Work request ->
Give again, exactly as written, the lines of the records below from the line with "Antique black &" to the line with "Reventa ilegal de". Both end lines count; pictures do not.

Input ->

◆ ◆ ◆ ◆

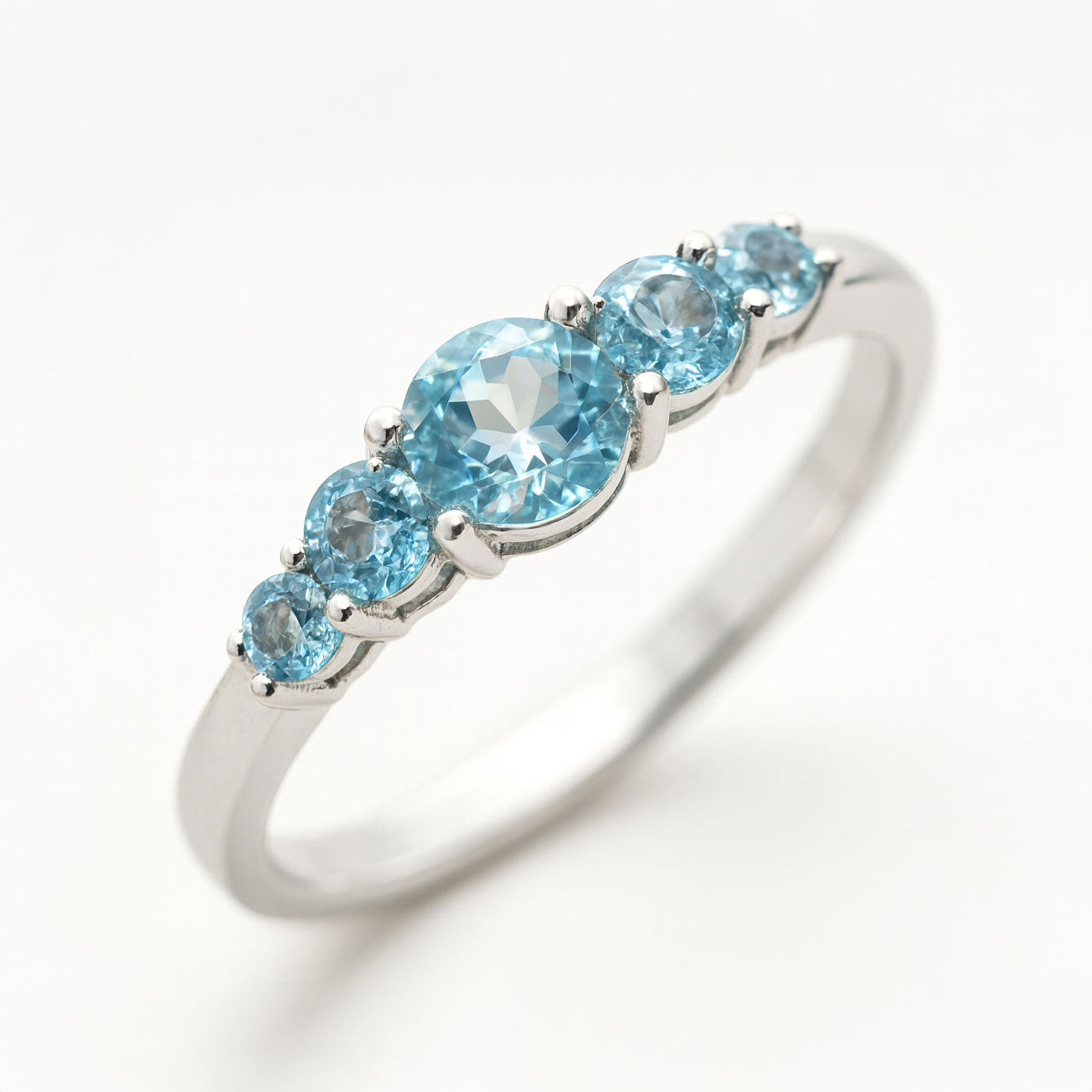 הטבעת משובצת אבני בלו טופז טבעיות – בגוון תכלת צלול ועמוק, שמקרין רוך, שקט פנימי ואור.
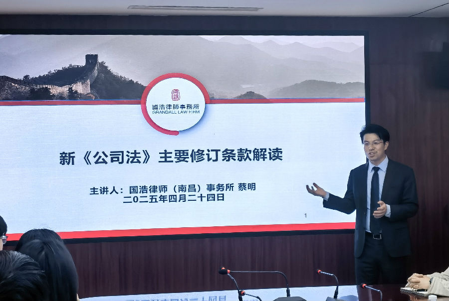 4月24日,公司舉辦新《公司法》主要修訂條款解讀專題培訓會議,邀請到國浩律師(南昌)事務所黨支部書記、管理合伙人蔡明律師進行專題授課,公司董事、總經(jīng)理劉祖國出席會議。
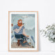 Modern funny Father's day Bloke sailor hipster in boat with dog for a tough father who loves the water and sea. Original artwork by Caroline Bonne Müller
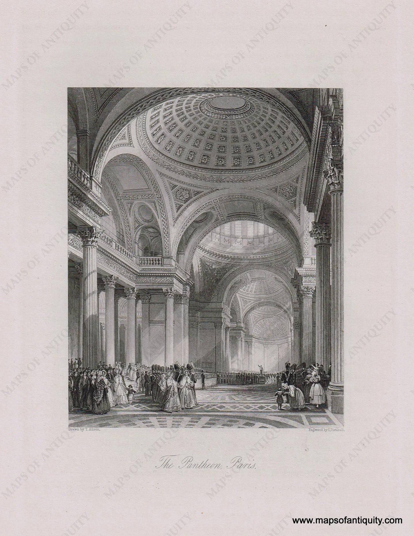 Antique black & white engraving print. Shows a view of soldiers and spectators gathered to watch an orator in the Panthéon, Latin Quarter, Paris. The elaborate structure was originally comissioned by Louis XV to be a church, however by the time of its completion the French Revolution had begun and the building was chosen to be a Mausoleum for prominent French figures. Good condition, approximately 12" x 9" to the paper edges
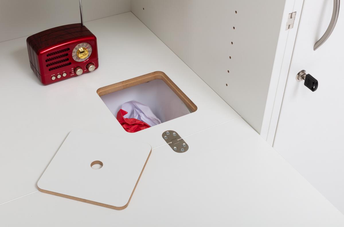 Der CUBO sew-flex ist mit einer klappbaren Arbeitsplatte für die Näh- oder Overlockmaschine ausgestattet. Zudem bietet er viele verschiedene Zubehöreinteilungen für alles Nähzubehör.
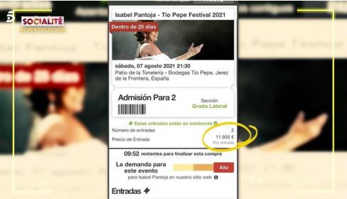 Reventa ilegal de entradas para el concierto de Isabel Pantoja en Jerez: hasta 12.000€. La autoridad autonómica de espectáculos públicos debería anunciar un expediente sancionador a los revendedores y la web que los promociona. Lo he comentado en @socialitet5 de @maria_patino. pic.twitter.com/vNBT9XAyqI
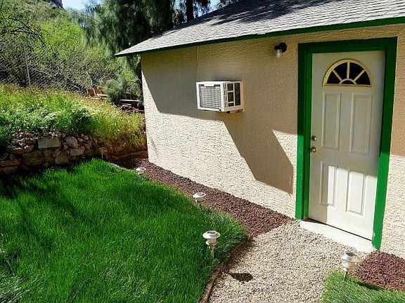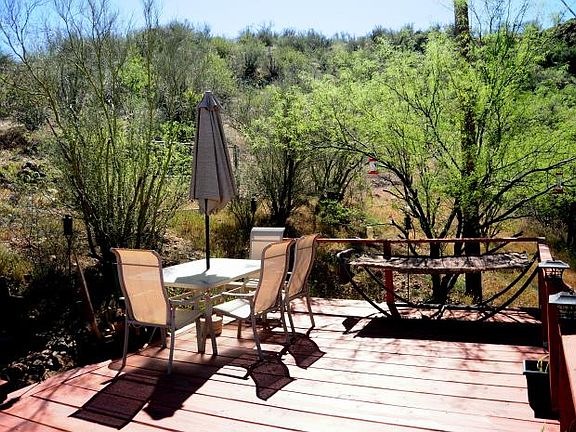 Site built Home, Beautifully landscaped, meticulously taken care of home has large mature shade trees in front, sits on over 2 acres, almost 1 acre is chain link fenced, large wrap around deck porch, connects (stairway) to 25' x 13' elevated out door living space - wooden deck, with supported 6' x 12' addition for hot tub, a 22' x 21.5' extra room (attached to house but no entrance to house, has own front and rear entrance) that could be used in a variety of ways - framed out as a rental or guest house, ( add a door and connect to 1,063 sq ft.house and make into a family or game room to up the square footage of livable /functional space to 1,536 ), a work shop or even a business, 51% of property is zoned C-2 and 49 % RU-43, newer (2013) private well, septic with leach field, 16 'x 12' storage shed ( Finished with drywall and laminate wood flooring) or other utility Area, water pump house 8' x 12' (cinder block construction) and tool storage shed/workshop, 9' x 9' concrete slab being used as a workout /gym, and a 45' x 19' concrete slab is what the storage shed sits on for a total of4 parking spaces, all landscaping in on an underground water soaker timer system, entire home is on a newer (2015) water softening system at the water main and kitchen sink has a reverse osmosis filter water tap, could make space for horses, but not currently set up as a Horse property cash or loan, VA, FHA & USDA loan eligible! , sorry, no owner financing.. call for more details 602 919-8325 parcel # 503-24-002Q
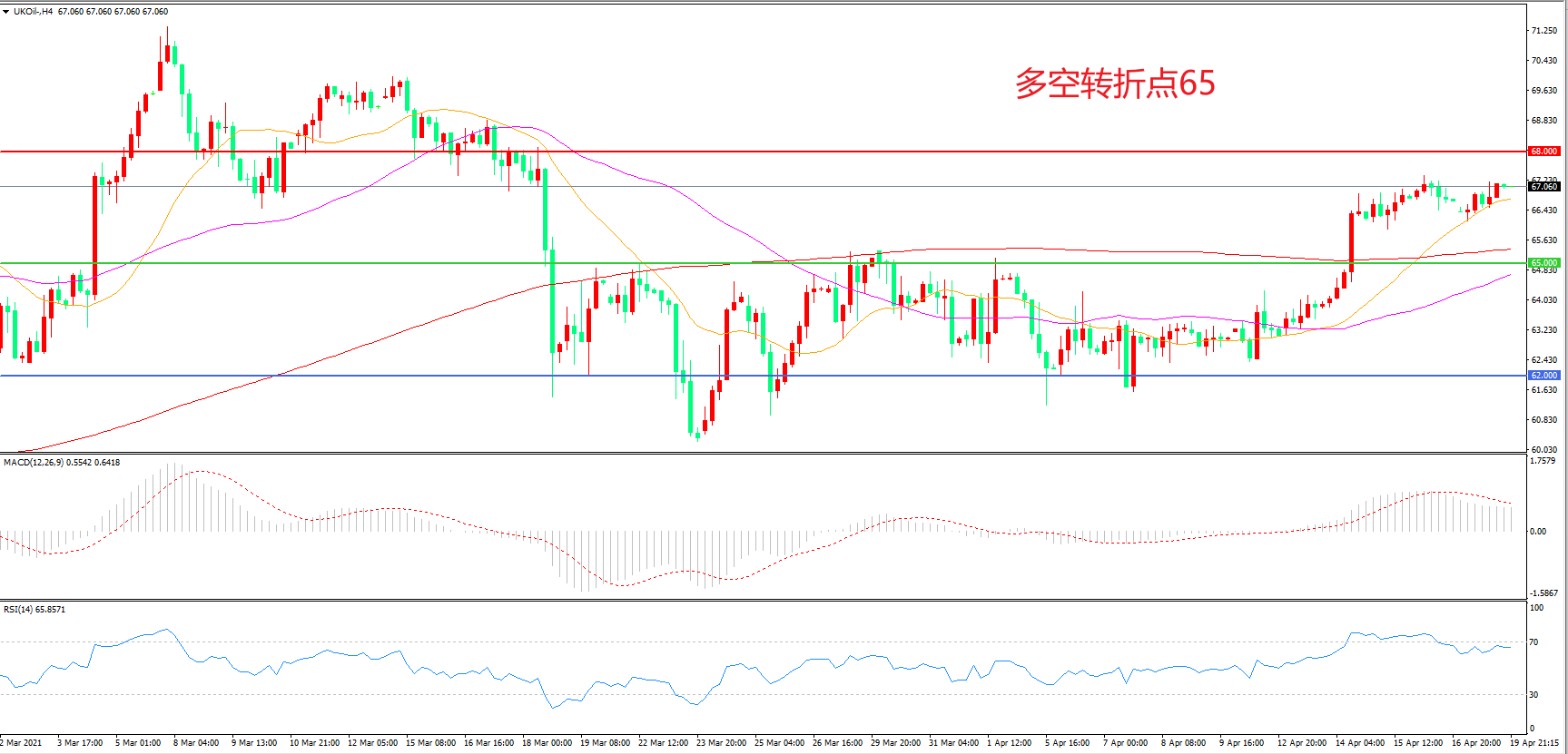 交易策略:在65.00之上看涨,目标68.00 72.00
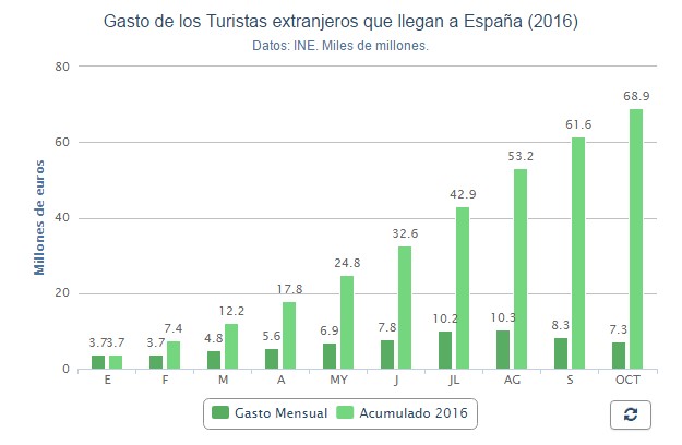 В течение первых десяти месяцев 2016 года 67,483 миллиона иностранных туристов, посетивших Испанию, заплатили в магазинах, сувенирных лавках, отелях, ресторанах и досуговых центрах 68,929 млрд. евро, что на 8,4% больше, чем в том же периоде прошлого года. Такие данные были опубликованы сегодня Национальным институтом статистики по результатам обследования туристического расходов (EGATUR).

◆ ◆ ◆ ◆

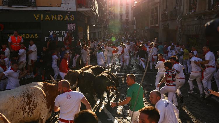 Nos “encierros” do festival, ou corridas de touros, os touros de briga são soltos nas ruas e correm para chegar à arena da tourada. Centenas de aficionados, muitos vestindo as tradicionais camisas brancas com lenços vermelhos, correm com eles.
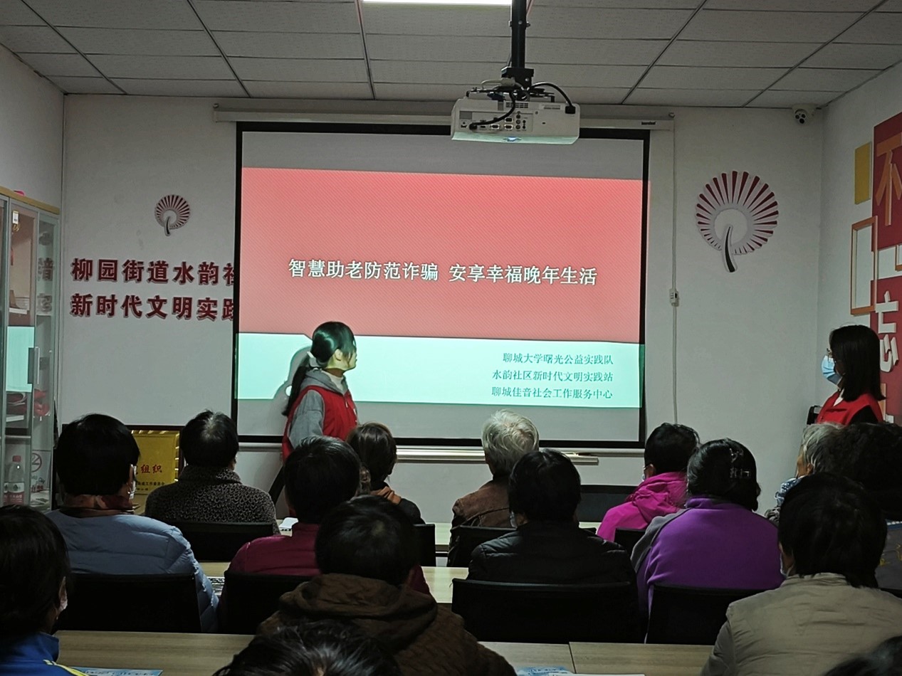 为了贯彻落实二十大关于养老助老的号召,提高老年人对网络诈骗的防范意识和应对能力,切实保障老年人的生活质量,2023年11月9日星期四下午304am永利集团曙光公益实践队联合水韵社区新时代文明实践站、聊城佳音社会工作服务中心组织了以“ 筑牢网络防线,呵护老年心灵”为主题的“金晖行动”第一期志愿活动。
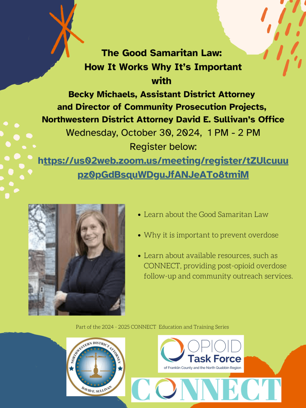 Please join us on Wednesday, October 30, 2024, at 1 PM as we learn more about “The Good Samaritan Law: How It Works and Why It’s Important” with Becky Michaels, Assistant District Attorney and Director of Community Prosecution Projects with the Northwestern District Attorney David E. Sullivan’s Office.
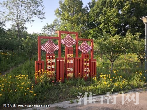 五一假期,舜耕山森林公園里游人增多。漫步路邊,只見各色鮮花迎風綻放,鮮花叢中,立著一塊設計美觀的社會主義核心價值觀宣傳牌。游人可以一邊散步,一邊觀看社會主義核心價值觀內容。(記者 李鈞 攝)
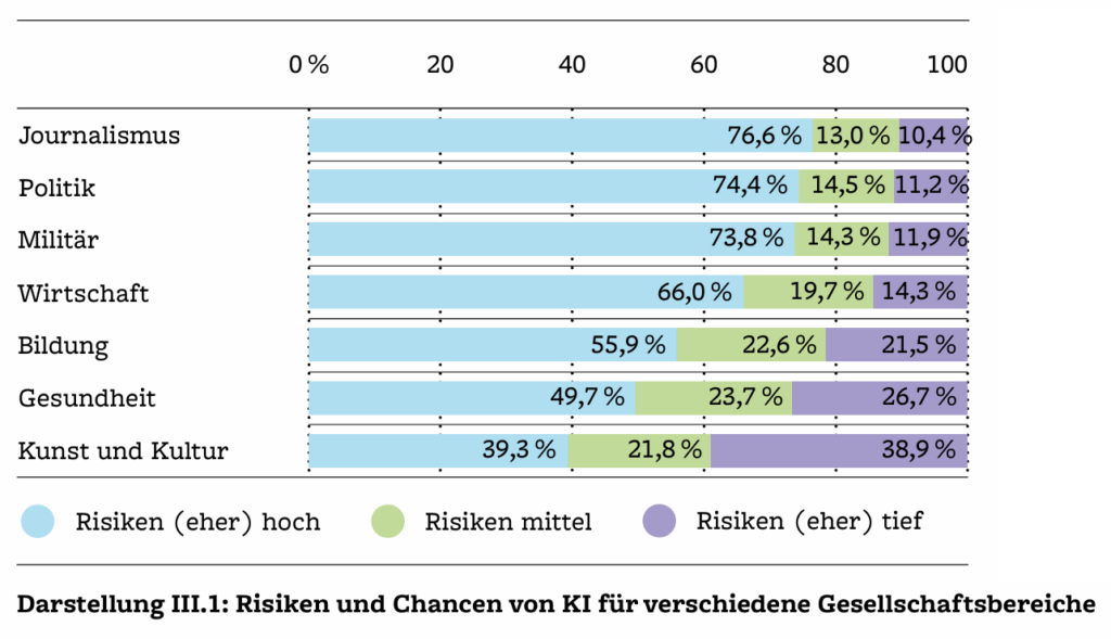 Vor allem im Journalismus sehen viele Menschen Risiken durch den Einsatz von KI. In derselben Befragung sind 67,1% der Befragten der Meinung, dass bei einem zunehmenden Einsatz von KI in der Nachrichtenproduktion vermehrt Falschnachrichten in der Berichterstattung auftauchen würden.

◆ ◆ ◆ ◆

Written solution ->
 Antique black & white engraving print. Shows a view of soldiers and spectators gathered to watch an orator in the Panthéon, Latin Quarter, Paris. The elaborate structure was originally comissioned by Louis XV to be a church, however by the time of its completion the French Revolution had begun and the building was chosen to be a Mausoleum for prominent French figures. Good condition, approximately 12" x 9" to the paper edges
 Der CUBO sew-flex ist mit einer klappbaren Arbeitsplatte für die Näh- oder Overlockmaschine ausgestattet. Zudem bietet er viele verschiedene Zubehöreinteilungen für alles Nähzubehör.
 Reventa ilegal de entradas para el concierto de Isabel Pantoja en Jerez: hasta 12.000€. La autoridad autonómica de espectáculos públicos debería anunciar un expediente sancionador a los revendedores y la web que los promociona. Lo he comentado en @socialitet5 de @maria_patino. pic.twitter.com/vNBT9XAyqI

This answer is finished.